Liberal? Sim, claro!

Nos últimos meses, para classificar Passos Coelho, tem-se usado muito a palavra ‘neoliberal’.

não sei bem o que é hoje um neoliberal.

sei que há pessoas com um pensamento mais liberal e outras que acreditam mais no estado.

e, não havendo ‘liberais puros’ nem ‘estatistas puros’ (não há ninguém que hoje defenda a liberalização ou a estatização a 100%), há diferenças de mentalidade entre uns e outros que não são de desprezar.

os ‘liberais’ querem facilitar a vida às empresas, considerando que são elas que dão emprego e criam riqueza; os ‘estatistas’ defendem que ao estado também compete um importante papel na vida económica.

os ‘liberais’ acham que o estado tem de ser ligeiro para não asfixiar a economia; os ‘estatistas’ acham que tem de ser forte para poder ser um bom regulador.

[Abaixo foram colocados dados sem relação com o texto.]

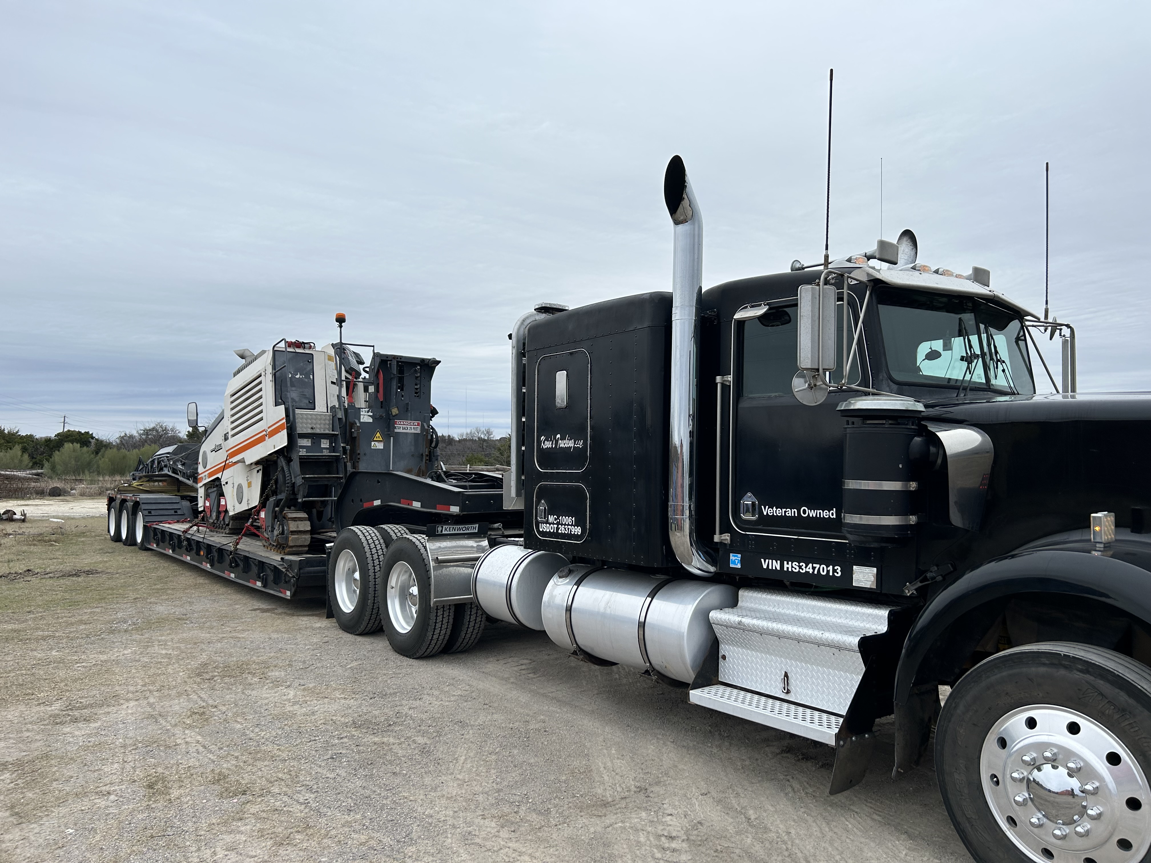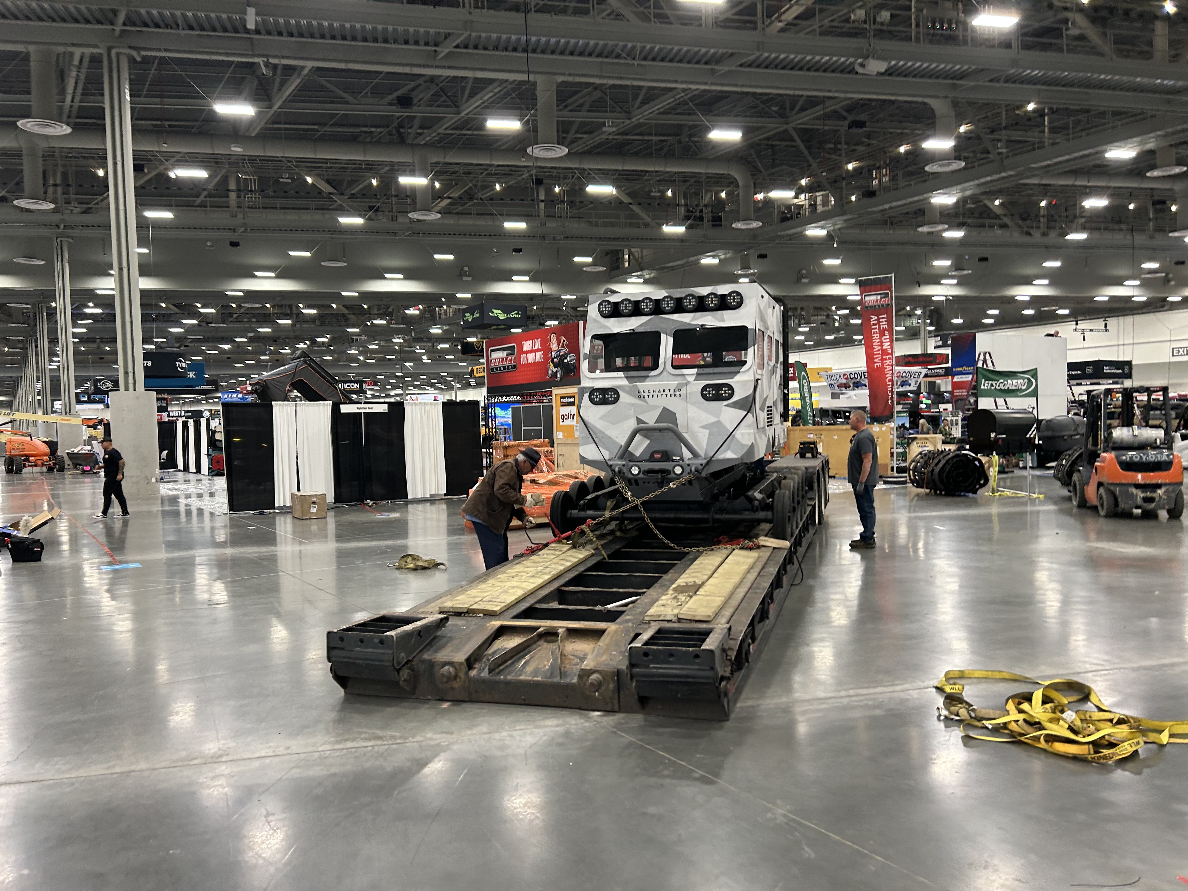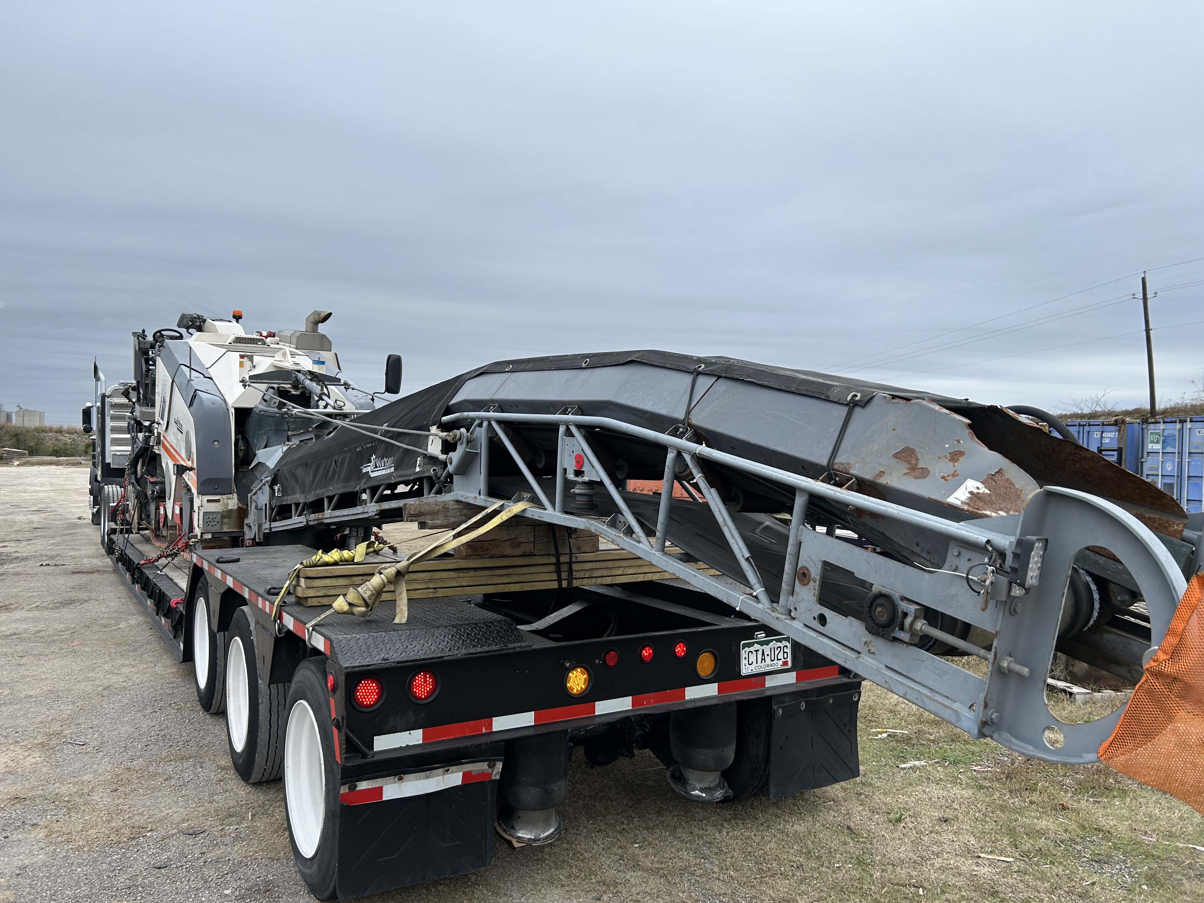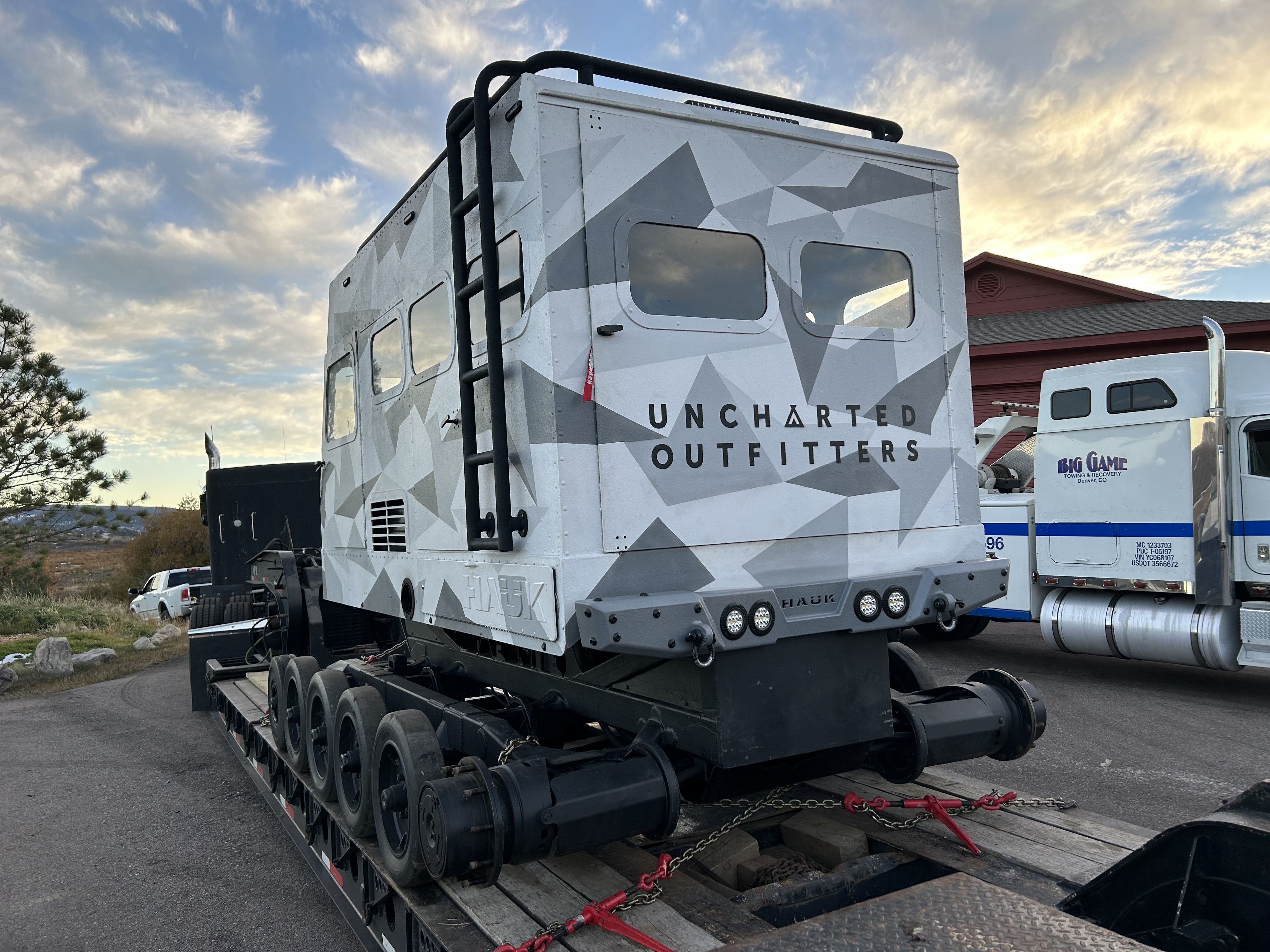 The Snow Cats tracks were removed so we had to carefully winch the heavy machine on the lowboy "RGN" trailer.

os ‘liberais’ defendem que deve haver menos impostos, porque cada cêntimo que vai para o estado é um cêntimo retirado à economia; os ‘estatistas’ são adeptos de mais impostos, considerando que o estado deve ter mais dinheiro para poder fazer obra social.

e assim sucessivamente.

há dez anos começo as minhas aulas na universidade católica colocando a seguinte pergunta: ‘por que razão portugal é um país atrasado?’.

e a resposta começa pela seguinte constatação: porque a sociedade civil nunca se autonomizou em relação ao poder do estado.

porque nunca se formou em portugal uma burguesia empreendedora e com vida própria.

no momento em que nos países hoje desenvolvidos se afirmava uma burguesia com iniciativa, autónoma, independente, em portugal a incipiente burguesia viveu sempre enfeudada ao estado central.

nunca se libertou dele.

e este foi o nosso fado até hoje.

a dependência do país em relação ao estado tem sempre estado na base do nosso atraso.

só que, se essa situação foi até agora possível – embora com as consequências conhecidas –, a partir de agora deixou de ser suportável.

por duas razões principais.

primeira: porque uma excessiva concentração de poder nas mãos do estado não é compatível com o nosso sistema de partidos.

os partidos tendem a usar a máquina do estado e as empresas públicas como coutada sua, o que produz grandes traumas sempre que o poder político muda de mãos.

ora isto só se resolve aligeirando o estado e dando mais força à sociedade civil.

segunda razão: porque num mercado aberto, e na era da globalização, a viabilização da economia passa pela existência de uma classe empresarial autónoma e empreendedora.

uma economia aberta não é compatível com uma cultura estatizante.

noutro plano (e noutra escala) os chineses entenderam isto muito bem quando inventaram a fórmula ‘um país, dois sistemas’.

eles perceberam que, num mundo global, sem iniciativa privada forte nenhuma economia pode desenvolver-se.

quando alguns socialistas dizem que o psd de passos coelho tem uma matriz liberal «que não está na tradição portuguesa», estão cheios de razão.

só que, sem quebrarmos essa tradição, não vamos a lado nenhum.

até hoje, sempre que em portugal se começou a formar um embrião de classe empresarial com alguma autonomia, veio uma crise ou uma revolução que lhe cortou as pernas.

agora não há opção: o país precisa de um choque liberal.

seja ele qual for, valerá sempre a pena: será uma lufada de ar fresco, uma machadada no poder centralista, um golpe no triste fado que tem sido o nosso.

sem um choque liberal, a nossa economia não terá qualquer futuro.